勝利の凱歌は山形からあがった。J1昇格プレーオフは準決勝、決勝と勝たなければJ1昇格の権利を得られない山形だったが、最後は虎の子の『1点』を守りきる形で1−0の勝利。3−2と接戦を制した準決勝に続いて1点差で勝ちきる勝負強さを見せた。一方、3年連続でJ1昇格プレーオフに進出した千葉は、この決勝では2012年と同様に引き分けでもJ1昇格の権利を得られたが、2012年と同様に0−1の敗戦。昨季は勝たなければならなかったJ1昇格プレーオフ準決勝で1−1の引き分けに終わり、3年連続で『1点』に泣く結果となって大事な一戦での勝負弱さをまたもや露呈してしまった。
関東の千葉サポーターだけでなく、すでに雪に悩まされている東北の山形サポーターも大勢来場し、J1昇格プレーオフ史上最多の35,504人の観客が集まったスタジアム。いつも以上に熱気あふれる応援を受け、独特の雰囲気の中での一戦は、互いに攻めの姿勢は見せながらもパスや動きが合わなかったり、失点阻止の強い意識での局面の守備があったりして、なかなかシュートまで持ちこめない。そんな状況下で最初に決定機を作ったのは千葉だった。25分、中村太亮のCKから166センチとこの試合の両チームのスタメンで最も身長が低い町田也真人がヘディングシュート。だが、ゴールポストの横に外れてしまう。千葉が最初の決定機を逃したのに対して、山形は最初の決定機を得点に結びつけた。37分、宮阪政樹のシュート性のCKは千葉のGK高木駿にセーブされるが、こぼれ球から宮阪がクロスを上げると山崎雅人がヘディングシュート。ゴールポストに当たったもののボールはゴールマウスに転がり込み、山崎が奪った貴重な先制点が結果的に決勝ゴールとなった。
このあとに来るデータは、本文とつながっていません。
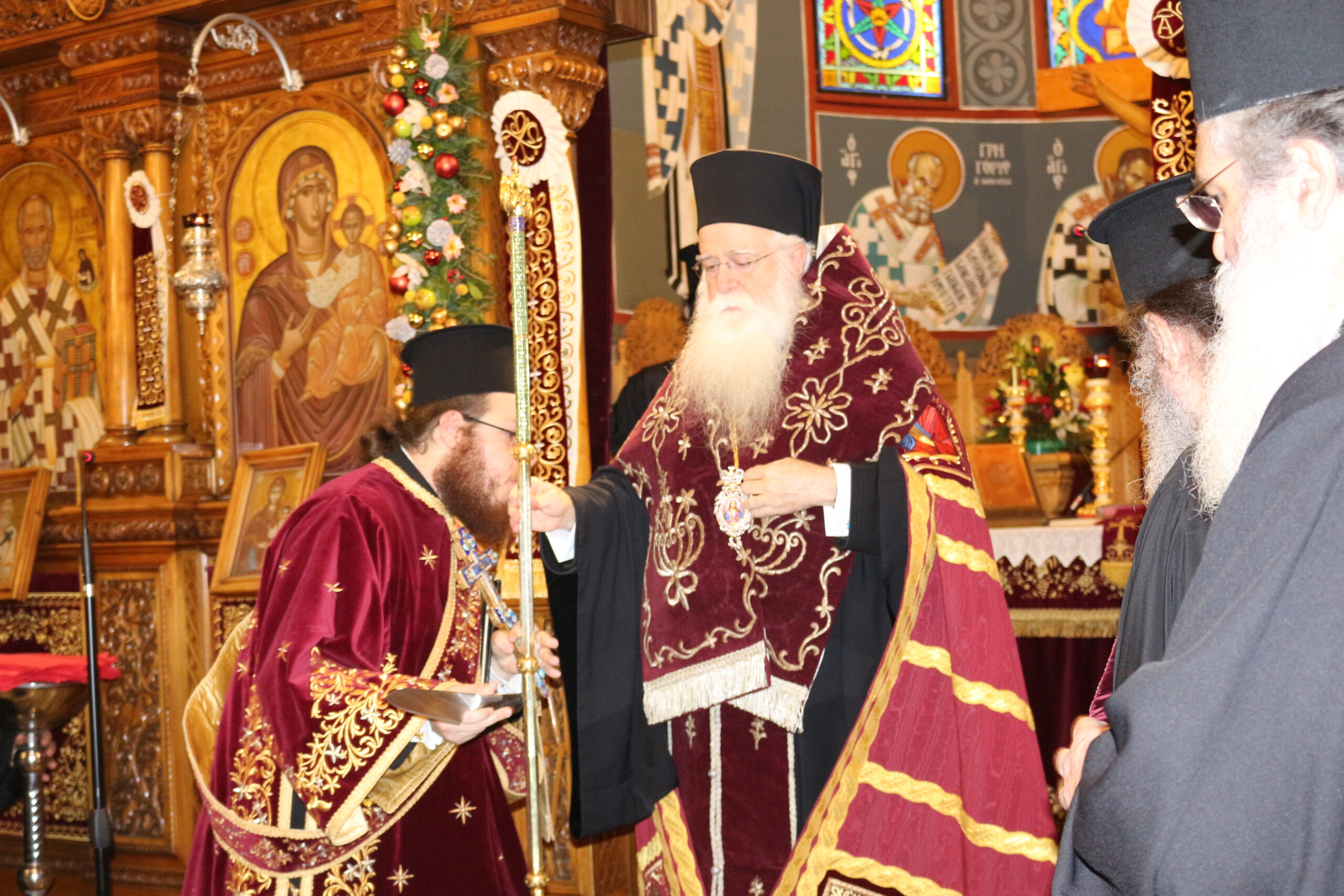 Περιστοιχισμένος από αρχιμανδρίτες και σύσσωμο τον κλήρο ο κ. Ιγνάτιος ευχήθηκε σε όλους χρόνια πολλά και στη συνέχεια κάλεσε τους πολιτικούς εκπροσώπους του νομού, τη στρατιωτική ηγεσία, τους αξιωματικούς της Αστυνομίας, της Πυροσβεστικής και του Λιμενικού να παραλάβουν το κομμάτι της πίτας που είχε προηγουμένως κόψει για εκείνους.
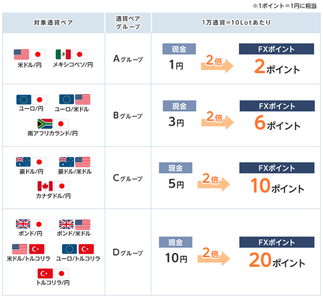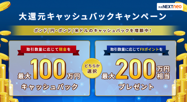 対象期間中の『外貨ネクストネオ』における指定通貨ペアの新規注文の取引量に応じて、最大200万円相当のFXポイント、もしくは現金100万円のキャッシュバックをいたします。

J2リーグでチーム最多の14得点のディエゴがベンチスタートで、立ち上がりこそ多少硬さは感じられたが、山形は終始いつもの自分たちのサッカーで戦った。例えば59分、右ウイングバックの山田拓巳を3バックの右ストッパーの當間建文が追い越して攻め上がり、強烈なシュートを放ったようにサイド攻撃も健在。疲労からの走力の低下で持ち味の前線からのプレスが少し弱まった終盤は、77分のケンペスの交代出場で2トップにした千葉の猛攻を受けて押し込まれたが、GK山岸範宏を中心に選手個々が体を張りながら組織守備の綻びを最後まで作らなかった。
千葉は先に失点したくないという思いからリスクマネジメントを優先した形で、前半は1トップの森本貴幸へ当てる形で前線へむやみにロングパスを入れてしまった。ボールを横に動かしながら縦に入れるチャンスをうかがう攻撃ができず、効果的なサイドチェンジも少なかった。パスを出せば決定機が作れそうな場面で無理な角度や体勢でもシュートを打ってしまうなど、どこか冷静さを欠いた判断のプレーが多かった。「モリ(森本)は相手の裏への抜け出しがストロングなので、僕が(中盤の低い位置に)落ちてきた状態でモリが相手の背後へ行った時に、モリの周辺に誰かがいてセカンドボールを拾えたらチャンスだった。チームとしてもう少しそこができていればよかったのかなという印象がある」と町田が言ったように、森本にボールが入った時のサポートはこの試合も遅く少なかった。
ギリギリの状況で競り勝つ強さを発揮してJ1昇格の権利を勝ち取った山形だが、J2でギリギリではJ1の戦いは厳しいことは石崎信弘監督も選手もよくわかっている。J1昇格プレーオフでJ1昇格した大分と徳島はいずれも最下位でJ2降格となった。来季は選手補強も含めて攻守ともにどれだけレベルアップできるかがJ1で勝ち抜くカギとなる。
終盤の谷澤達也、ケンペスの決定的なシュートは山岸の好セーブに阻まれた千葉。だが、もっと決定機を多く作れるように厳しい姿勢で練習から個々と組織でやれることを増やし、大一番でも逞しく戦えるようにならなければ、目指すJ1への自動昇格は達成できない。